** Opening Extracted material block **
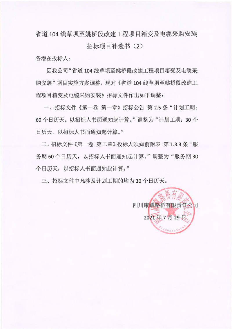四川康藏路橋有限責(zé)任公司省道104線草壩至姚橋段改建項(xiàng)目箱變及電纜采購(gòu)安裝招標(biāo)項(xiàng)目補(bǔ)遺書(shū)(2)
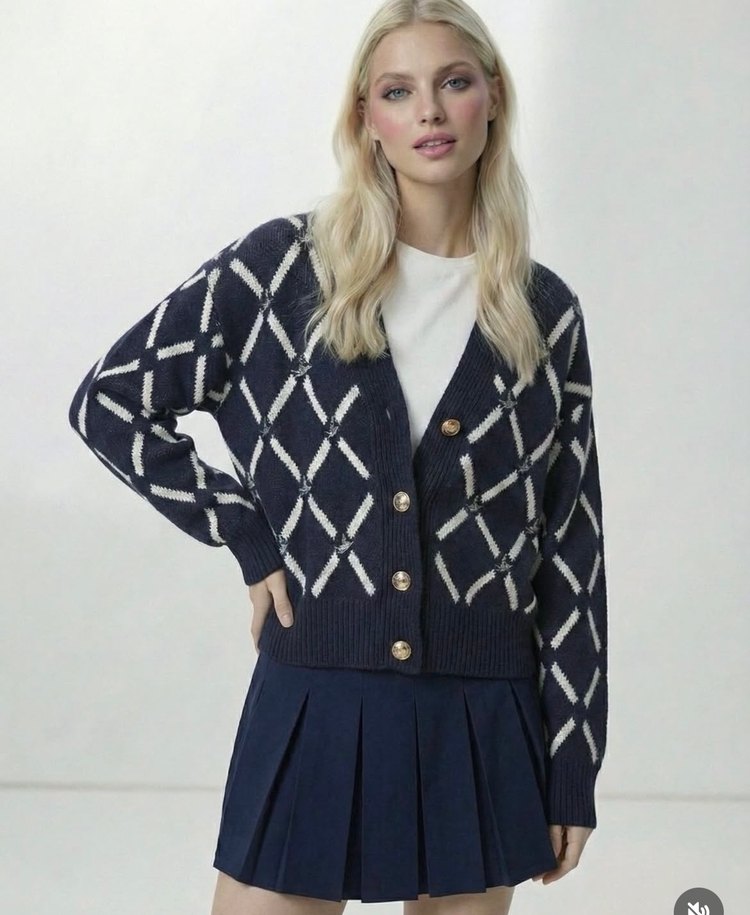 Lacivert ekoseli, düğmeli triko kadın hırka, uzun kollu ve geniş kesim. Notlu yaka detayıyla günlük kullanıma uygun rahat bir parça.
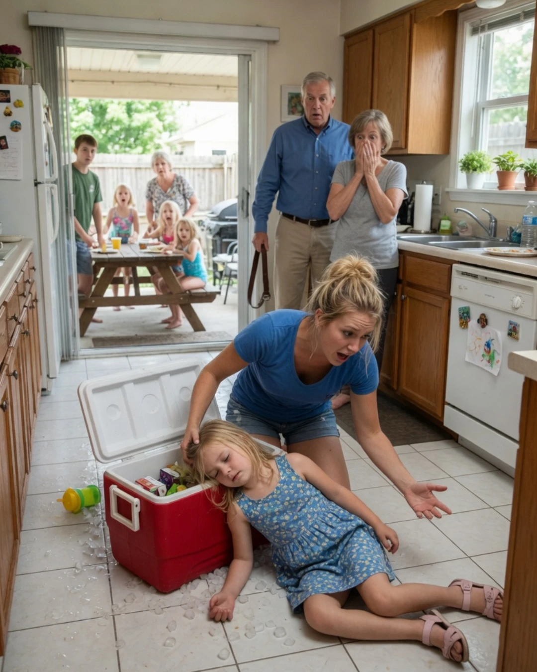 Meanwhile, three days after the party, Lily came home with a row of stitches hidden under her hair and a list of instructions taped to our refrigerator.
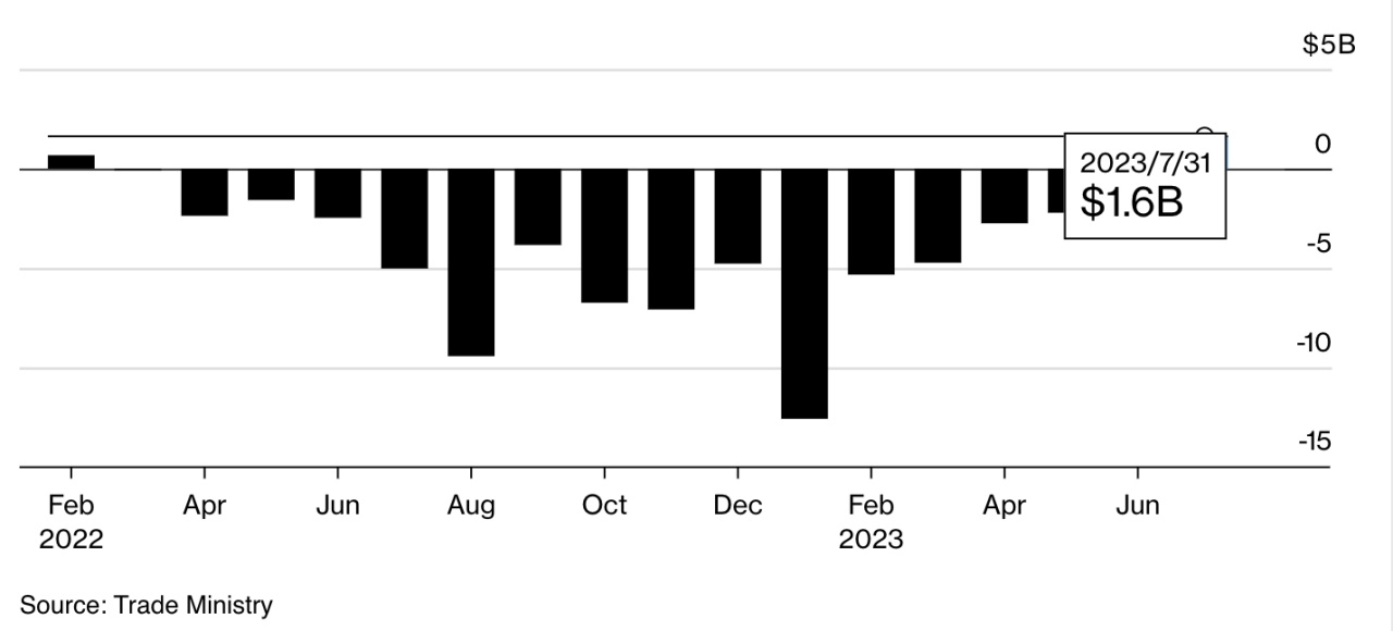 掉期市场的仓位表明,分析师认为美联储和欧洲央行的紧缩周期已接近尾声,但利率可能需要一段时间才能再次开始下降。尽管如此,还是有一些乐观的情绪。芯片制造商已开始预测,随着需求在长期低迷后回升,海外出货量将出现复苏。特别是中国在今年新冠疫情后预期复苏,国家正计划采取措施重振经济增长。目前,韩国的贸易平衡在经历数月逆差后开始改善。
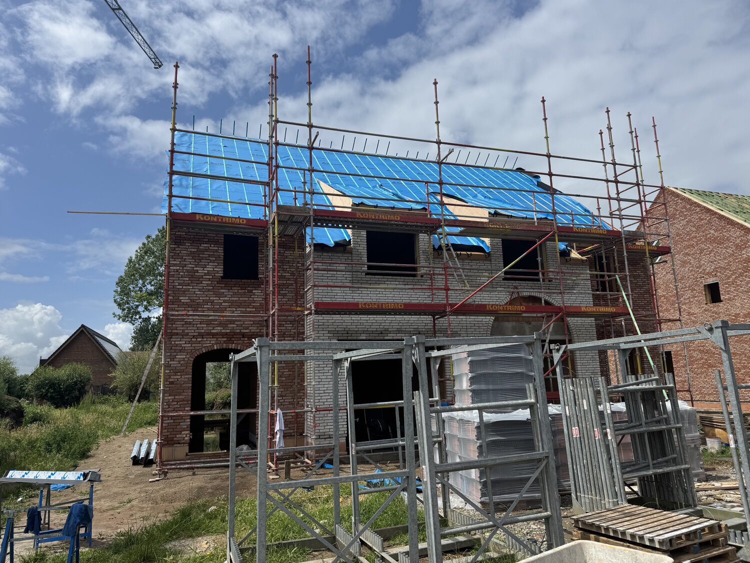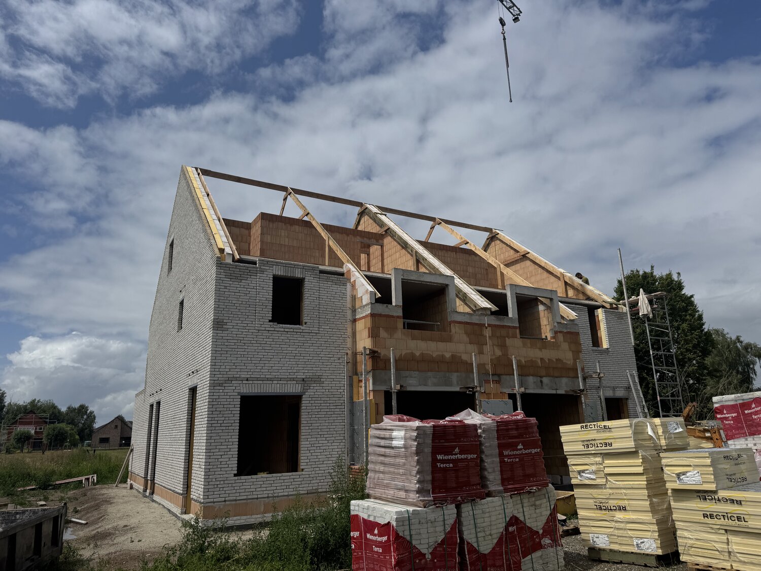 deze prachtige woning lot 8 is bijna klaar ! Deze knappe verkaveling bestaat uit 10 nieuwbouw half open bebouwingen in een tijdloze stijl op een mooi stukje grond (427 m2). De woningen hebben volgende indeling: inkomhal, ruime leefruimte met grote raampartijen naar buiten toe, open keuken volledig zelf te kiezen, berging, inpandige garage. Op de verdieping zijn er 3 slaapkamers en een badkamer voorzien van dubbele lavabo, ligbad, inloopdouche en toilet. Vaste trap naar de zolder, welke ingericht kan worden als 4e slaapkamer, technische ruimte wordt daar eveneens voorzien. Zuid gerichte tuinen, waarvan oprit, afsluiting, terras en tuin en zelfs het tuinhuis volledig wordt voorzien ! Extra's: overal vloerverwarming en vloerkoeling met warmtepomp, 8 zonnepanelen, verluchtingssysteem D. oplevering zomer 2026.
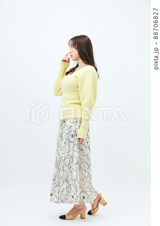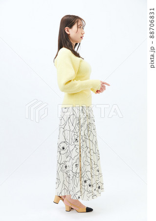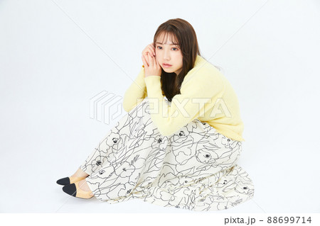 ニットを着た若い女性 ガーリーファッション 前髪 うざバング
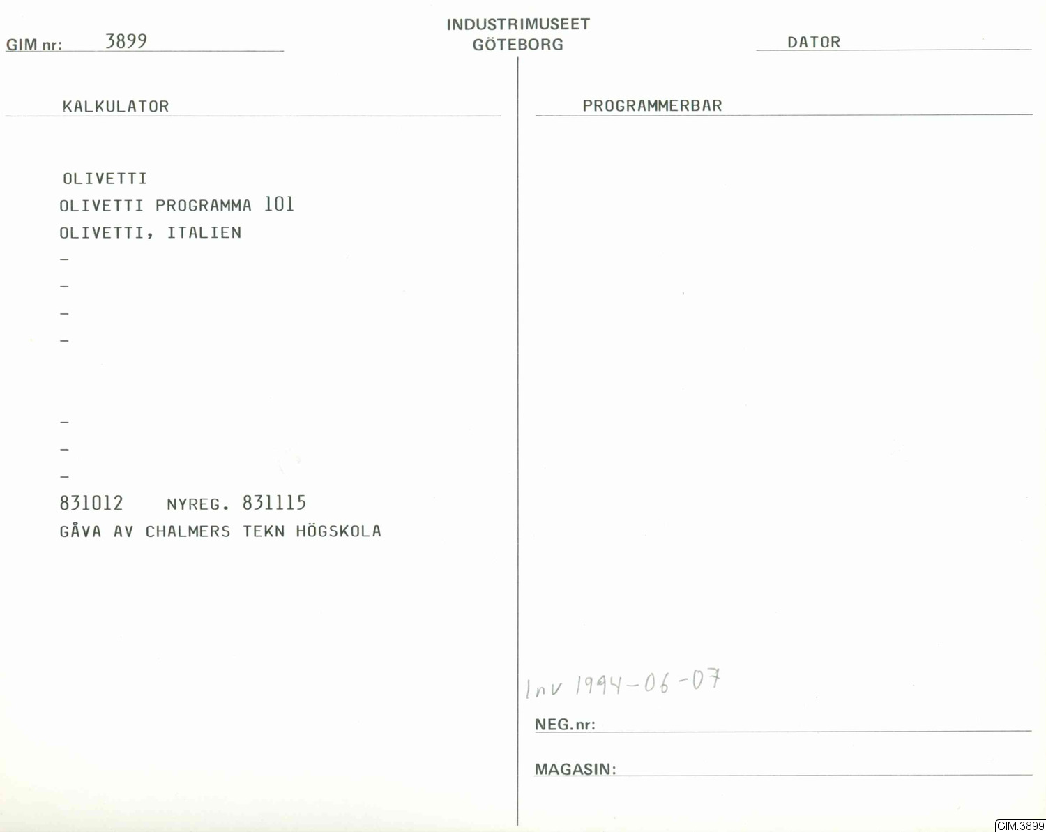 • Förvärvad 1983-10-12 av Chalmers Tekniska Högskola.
** Closing Extracted material block **
— What you need to do —
Both the line containing "Meanwhile, three days" and the line containing "deze prachtige woning" above belong in the output, as do the lines between them. Print them exactly, without pictures.

— Written answer —
 Meanwhile, three days after the party, Lily came home with a row of stitches hidden under her hair and a list of instructions taped to our refrigerator.
 掉期市场的仓位表明,分析师认为美联储和欧洲央行的紧缩周期已接近尾声,但利率可能需要一段时间才能再次开始下降。尽管如此,还是有一些乐观的情绪。芯片制造商已开始预测,随着需求在长期低迷后回升,海外出货量将出现复苏。特别是中国在今年新冠疫情后预期复苏,国家正计划采取措施重振经济增长。目前,韩国的贸易平衡在经历数月逆差后开始改善。
 deze prachtige woning lot 8 is bijna klaar ! Deze knappe verkaveling bestaat uit 10 nieuwbouw half open bebouwingen in een tijdloze stijl op een mooi stukje grond (427 m2). De woningen hebben volgende indeling: inkomhal, ruime leefruimte met grote raampartijen naar buiten toe, open keuken volledig zelf te kiezen, berging, inpandige garage. Op de verdieping zijn er 3 slaapkamers en een badkamer voorzien van dubbele lavabo, ligbad, inloopdouche en toilet. Vaste trap naar de zolder, welke ingericht kan worden als 4e slaapkamer, technische ruimte wordt daar eveneens voorzien. Zuid gerichte tuinen, waarvan oprit, afsluiting, terras en tuin en zelfs het tuinhuis volledig wordt voorzien ! Extra's: overal vloerverwarming en vloerkoeling met warmtepomp, 8 zonnepanelen, verluchtingssysteem D. oplevering zomer 2026.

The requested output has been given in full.